Big Think: The Mystery of Memory Series

How are memories created—and destroyed? Why do some of us recall the past vividly, while others retain only a few mental snapshots? Big Think explores these and other questions in an unforgettable series of six videos (four have been made available as of now):


Keeping Memories, and Ourselves, Alive
Tim O’Brien (Novelist): Writing about dead loved ones can’t bring them back—or even preserve their memories, really. But it’s something.


An Attack of Memory?
Siri Hustvedt (Novelist): The bizarre seizure that struck the author at her father’s memorial service launched her on an exploration of neurology, psychology, and the ancient study of buried memory.

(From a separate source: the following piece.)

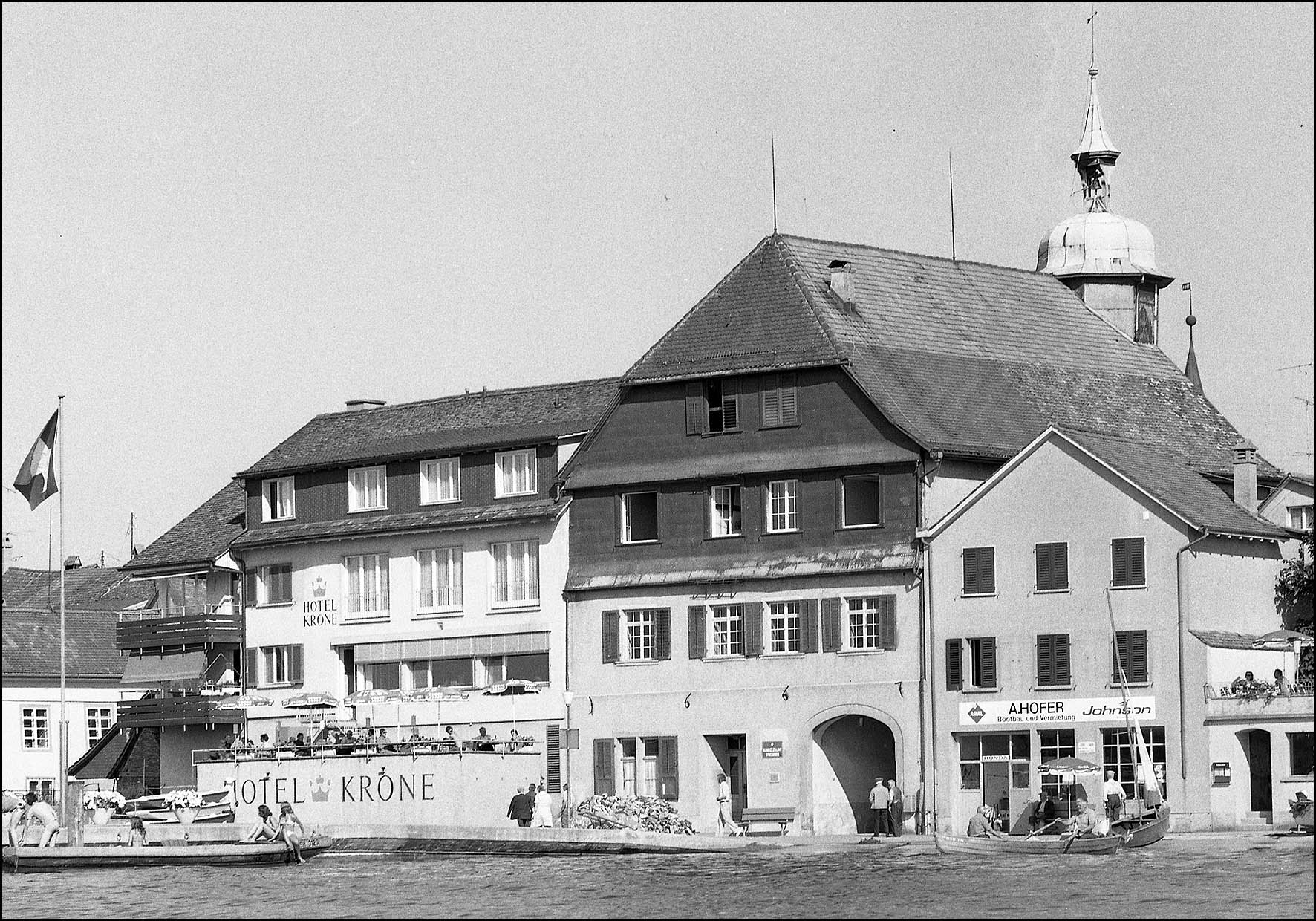 Hervorragender Fachwerkbau mit Vorplatz und Durchlass zwischen der Seestrasse und Schifflände. Bedeutende Innenausstattung. Die Vorderfront dominiert den Rathausplatz, die Rüäckfront mit dem behäbigen Dach und den geflammten Läden die Schifflände. '1667 wohl unter Benützung älterer Kerne errichtet von Werkmeister Samuel Schwederli. Freilegung des Riegelwerkes 1919, Gesamtrestaurierung in Etappen ab 1982. In der Mittelachse der platzseitigen Giebelfront ein achtseitiger Treppenturm mit Kuppeldach und Glockenträger. Wappentafel der Bürgermeister Daniel und Ulrich Hausmann 1667. Inneres: Keller und Gang mit noch spätgotisch profilierten Stützen. Ratstube mit Leistendecke. Im Nordost-Raum des 1. Obergeschosses Spätrenaissancetäfer und Felderdecke; Tresortüren von 1585 und 1667. Südost-Zimmer mit Turmofen von Heinrich Düringer 1784. Im Ratssaal des 2. Obergeschosses Kassettendecke mit Zapfenrosetten, 1667.' (Kulturschätze). Wahrzeichen Steckborns, an prominenter Stelle des Städtchens gelegen, zwischen Schifflände und Seestrasse. Die Position an der Seestrasse ist nicht beliebig, sondern genau bei der Einmündung der Kirchgasse in die Seestrasse. Das Rathaus erscheint also als zurückversetzter Fluchtpunkt der Kirchgasse. Es bildet das weltliche Pendant zur erhöht gelegenen Stadtkirche. Die zentrale Achse des alten Städtchens verläuft vom Kirchplatz und dem dortigen Kirchgass-Brunnen zum Rathaus mit dem Rathaus-Brunnen auf dem Rathausplatz. Dokumentation: Raimann, Alfons / Erni, Peter. Die Kunstdenkmäler des Kantons Thurgau. Band 6: Der Bezirk Steckborn. Bern 2001 (mit ausführlicher Baugeschichte und Beschreibung). - Kulturschätze im Thurgau entdecken und erleben. Bearbeitet von Cornelia Stäheli. Fotos von Rolf A. Stähli. Frauenfeld 2003. - Das Bürgerhaus in der Schweiz. XIX. Band, Zürich 1928. XLVIII, Tafel 73-75. - Früh, Margrit. Steckborner Kachelöfen des 18. Jahrhunderts. Frauenfeld 2005. Nrn. 122, 123, 155, 193, 221. - Amt für Denkmalpflege, Budget-Berichte 1988, S. 12ff. - Müller, Ernst (Hg.). Der Thurgau in alten Ansichten. Druckgraphiken von 1500 bis um 1880. Frauenfeld 1992. Nr. 740. - Bärtschi, Hans-Peter. Industriekultur in der Ostschweiz und im Fürstentum Lichtenstein. Unterwegs zu 333 Schauplätzen des produktiven Schaffens in den Kantonen Schaffhausen [, Thurgau], St. Gallen, Appenzell Inner und Ausserrhoden und im Fürstentum Lichtenstein. Informationsplattform für schützenswerte Industriekulturgüter der Schweiz (ISIS), ein Projekt der Schweizerischen Gesellschaft für Technikgeschichte und Industriekultur (SGTI) und der Firma Arias-Industriekultur. Zürich 2012, S. 67. - Gutscher Daniel. Steckborn. Schweizerische Kunstführer. Hg. Gesellschaft für Schweizerische Kunstgeschichte. Basel 1977, S. 11-13. - Oase im Alltag. Gärten und Freiräume im Thurgau. Denkmalpflege im Thurgau 22. Basel 2020, S. 161-162. - Keller, Sarah u. Kaufmann, Katrin. Die Glasmalereien vom Mittelalter bis 1930 im Kanton Thurgau. Corpus vitrearum, Schweiz Reihe Neuzeit, Bd. 8. Berlin 2022, S. 36. - Brandkataster Staatsarchiv TG. |

How Memories Are Made, and Lost
Ottavio Arancio (Professor, Taub Institute for Research in Alzheimer’s Disease and the Aging Brain, Columbia University): A protein that scientists once thought was a “piece of garbage in the brain” turns out to play a key role in memory formation. At high concentrations, however, it spells “the beginning of the end for memory.”


Is Multitasking Bad for the Brain?
Gary Small (Professor of Psychiatry and Aging, UCLA School of Medicine): In an age of cell phones, PDAs, and computers, the intense mental stress of continually paying only partial attention may be decreasing our memory capacity.